As explained in Part IX.B., infra, all of the claims at issue are either (1) non-core claims, which require transmission of proposed findings of fact and conclusions of law to the district court absent consent of the parties, see 28 U.S.C. § 157(c)(1), or (2) core claims, for which the bankruptcy court lacks constitutional authority to enter a final judgment (again, absent consent of the parties), see Stern v. Marshall, ––– U.S. ––––, 131 S.Ct. 2594, 180 L.Ed.2d 475 (2011). In both its Answer to the Second Amended Complaint and its main brief on summary judgment, WSFS unequivocally declined to consent to the entry of a final judgment by the bankruptcy court. Cf. Wellness Int'l Network, Ltd. v. Sharif, ––– U.S. ––––, 135 S.Ct. 1932, 191 L.Ed.2d 911 (2015) (parties may consent to entry of judgment by bankruptcy court). Therefore, I cannot enter a final judgment for either party in this adversary proceeding.

For the reasons stated below, I conclude that WSFS is entitled to summary judgment on all but one (1) of the Trustee's claims, there being one (1) claim in which there are disputed issues of material fact, and that the Trustee is not entitled to summary judgment on any of his claims. In light of the court's constitutional inability to enter a final order, I will enter an order that dismisses the Trustee's claims (save one) for purposes of trial of this adversary proceeding in the bankruptcy court.
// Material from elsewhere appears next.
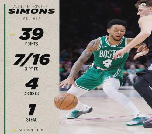 本赛季至今,西蒙斯出战49场比赛全部替补,场均上阵24.5分钟得到14.2分2.4板2.4助,场均以39.5%命中率扔进2.7记三分球,最佳第六人有力竞争者,可惜为合同年薪资2768万美元,成了被凯尔特人放弃的原因之一。

At the conclusion of the proceedings in this court, I will issue a comprehensive Report and Recommendation to the district court for the entry of an appropriate order with respect to all claims as to which the bankruptcy court lacks authority to enter a final judgment.

II. FACTS
A. General Structure of the Universal Network

The Universal Network was a vertically integrated business involved in the purchase of gasoline and its resale to both Universal entities and to unrelated, third-party businesses. Generally, each of the Universal Network gas stations was owned or leased by a single purpose entity (“SPE”). Within the Universal Network, UMI served as the entity that purchased gasoline from major oil companies and then resold the gasoline to the SPE's and the unrelated third parties. UDI, acted as the management company for UMI and the SPE's.3 Daniel Singh (f/k/a Daminder Batra) (“Singh”) was the principal of UDI and many, if not all, of the other Universal Network entities.

In 2009, UMI and UDI each had separate banking relationships—UMI with TD Bank and UDI with WSFS. Other Universal Network entities had banking relationships with other institutions, such as Wachovia Bank, Citizens Bank, The Bancorp Bank and PNC Bank, N.A.

The cash needs of the various entities were met by numerous inter-company money transfers, often in the magnitude of hundreds of thousands of dollars on a daily basis.4

By July 2009, the banking relationships that UMI and UDI had with TD Bank and WSFS, respectively, soured. That month, within a few days of each other, TD Bank locked down UMI's bank accounts and WSFS took similar action against UDI (restricting temporarily, in a manner described in more detail below, outgoing transfers from UDI's accounts).5

The dispute before me centers on UDI's and WSFS' lending and cash management relationships.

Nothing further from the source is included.